Investigators have looked at ways to create buffer zones around tumors and at ways to directly monitor local toxicities. Techniques of sterile carbon dioxide or saline dissection around tumors allow greater safety by displacing bowel or other critical structures away from the zone of treatment [2224]. Given the near real time imaging of CT guidance in these procedures, safe displacement of critical structures and monitoring of the ablation zone is possible. In addition to creating displacement of normal structures away from a planned ablation zone, monitoring techniques developed for open surgery can be applied to axial tumor ablation (for example, spinal cord monitoring of ablations performed near the spinal canal to detect early (and reversible) impairment of spinal cord function) [23, 24].

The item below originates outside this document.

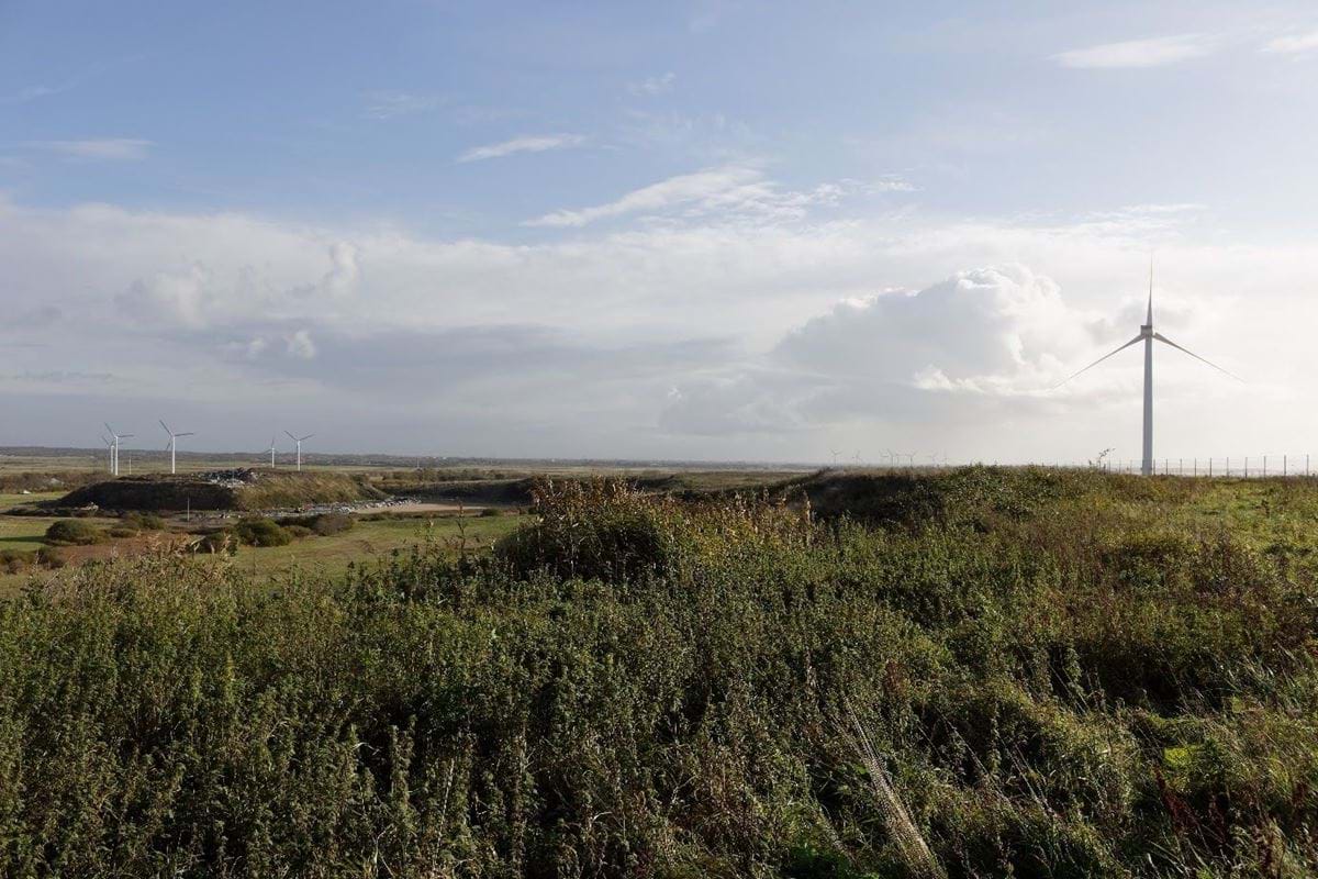 Nedenfor ses et billede af planområdet set fra sydvest med Måde Bakker forrest i billedet. Til højre ses en af kyststrækningens store forsøgsvindmøller og bagerst til højre de mindre, ældre vindmøller syd for Tjæreborgvej.

Contemporary indications and contraindications for cryoablation

With these results and options in mind, what are the indications and contraindications for cryosurgery and cryoablation in 2016? While these will necessarily vary by institutional capabilities and practice patterns, a reasonable current approach would be:

  1. (1)

    Primary malignant bone and soft tissue sarcomas. Cryoablation is not indicated as primary treatment for these lesions as current clinical experience is inadequate to insure that the oncologic outcome is similar in patients undergoing curative intent treatment of primary sarcomas. Although we have used this treatment on a case by case basis in some patients who are unable to tolerate the primary treatment modality. Adjuvant cryosurgery has been shown to be efficacious when coupled with surgery in the treatment of select low-grade extremity chondrosarcomas and leiomyosarcomas.

  2. (2)

    Benign bone and soft tissue lesions. Cryoablation is considered as primary treatment for small benign bony lesions which are not accompanied by local structural insufficiency (e.g., osteoid osteoma). For these lesions, cryoablation provides an excellent treatment option. Adjuvant cryosurgery has been shown to be efficacious when coupled with surgery in patients undergoing treatment of benign aggressive bone tumors (e.g., giant cell tumor, aneurysmal bone cyst). Cryotherapy may be considered in the treatment of desmoid tumors and other benign soft tissue processes in which removal of the soft tissue mass is impractical or patients are failing medical treatment.

  3. (3)

    Painful metastatic bone and soft tissue lesions. Cryotherapy provides an excellent option for palliative treatment of painful metastatic lesions which are not associated with significant neurologic compression or local mechanical insufficiency. Patients with mechanical insufficiency from axial lesions subject primarily to compressive loads (e.g., supra-acetabular region) may benefit from cryoablation combined with cementoplasty with or without balloon assistance procedures. Such procedures are generally not indicated as stand-alone treatments for extremity lesions or other areas subject to torsional, shear, bending, or tensile biomechanical loads but may be coupled with surgical stabilization for select lesions.

  4. (4)

    Oligometastatic bone and soft tissue lesions. Percutaneous cryoablation provides a good treatment option with excellent local control for patients with limited metastatic disease who may achieve an oncologic benefit from having durable control of all sites of disease.

Conclusions

Technological advances have rapidly improved the capabilities and indications for cryoablation in the last 10 years. While this technology has limitations and continues to evolve, it provides a complementary treatment option for many patients with musculoskeletal tumors that were traditionally managed with open surgery and/or radiotherapy. While long-term results are still maturing, appropriately selected patients appear to achieve results equal to or superior to conventional treatment options. Thus, these are valuable techniques for physicians who treat patients with musculoskeletal tumors to be familiar with.